Monday, October 30, 2006

Noel Murry, The Onion AV Club:
But since Cohen won’t appear out of character now—he’s like a magician safeguarding his tricks—it’s hard to know what’s really real in Borat. There have been a lot of articles about the ordinary citizens who appear in the movie, most of whom are annoyed not only at the way they were exploited, but that no one’s had the common courtesy to give them a little “thanks for being a good sport, we’ll send you a DVD” call. And they’re really not happy at how clueless they’ve been made to look, since a lot of them actually realized something odd was going on, but didn’t know quite what to do about it because they were being paid for their time.

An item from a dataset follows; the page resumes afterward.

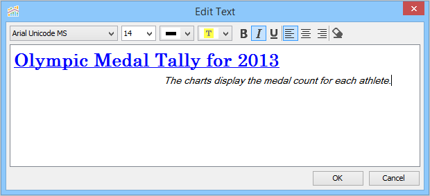 The Text Object gives you the ability to add, customize, and display text on your dashboard. The Edit Text option lets you add, change the font, size, and visual effects of the text.
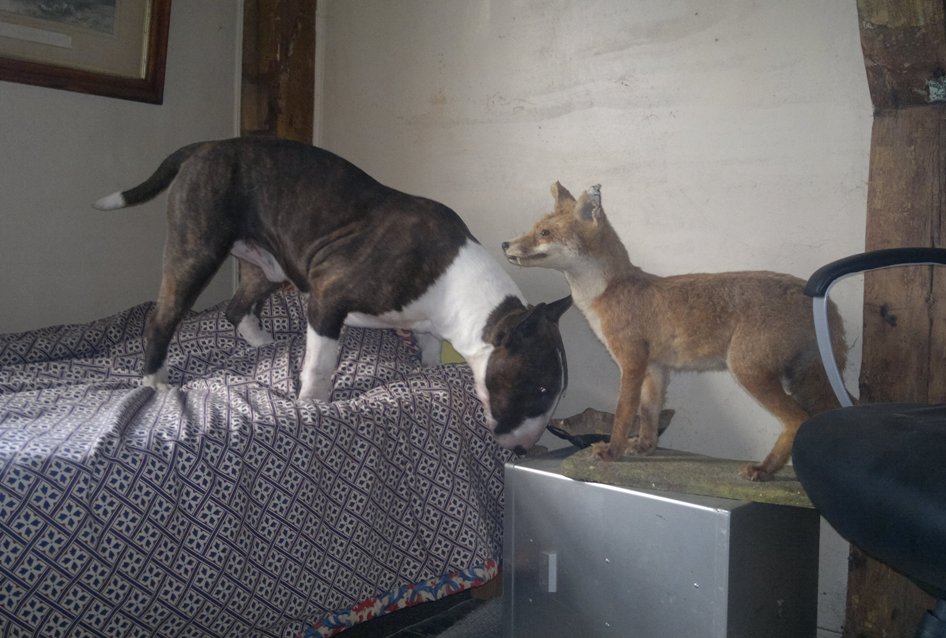 3 maart 2012: Bolletje ontmoet de opgezette vos in ons opkamertje, dat vond onze majesteit wel heel spannend, haha!

A few of them would’ve looked bad regardless, like the rodeo dude who goes along eagerly with Borat’s anti-gay remarks, and the RV full of drunken frat guys who run down minorities and women with undisguised malice. By and large though, what Borat proves is that southerners are unfailingly polite, and will put up with a lot more boorishness than they should, even if it makes them look guilty by association.

Perhaps that’s an insight in and of itself. But it’s not the one that so many people seem to be claiming on behalf of Borat. If the movie really wanted to make a point about bigotry, Borat would have to pepper its inadvertent subjects with follow-up questions, to make sure they’re really saying what they’ve sort-of been caught saying. But that wouldn’t be as funny, and Borat, to its credit, prizes comedy over truth. So let’s not underrate the former in a rush to overrate the latter.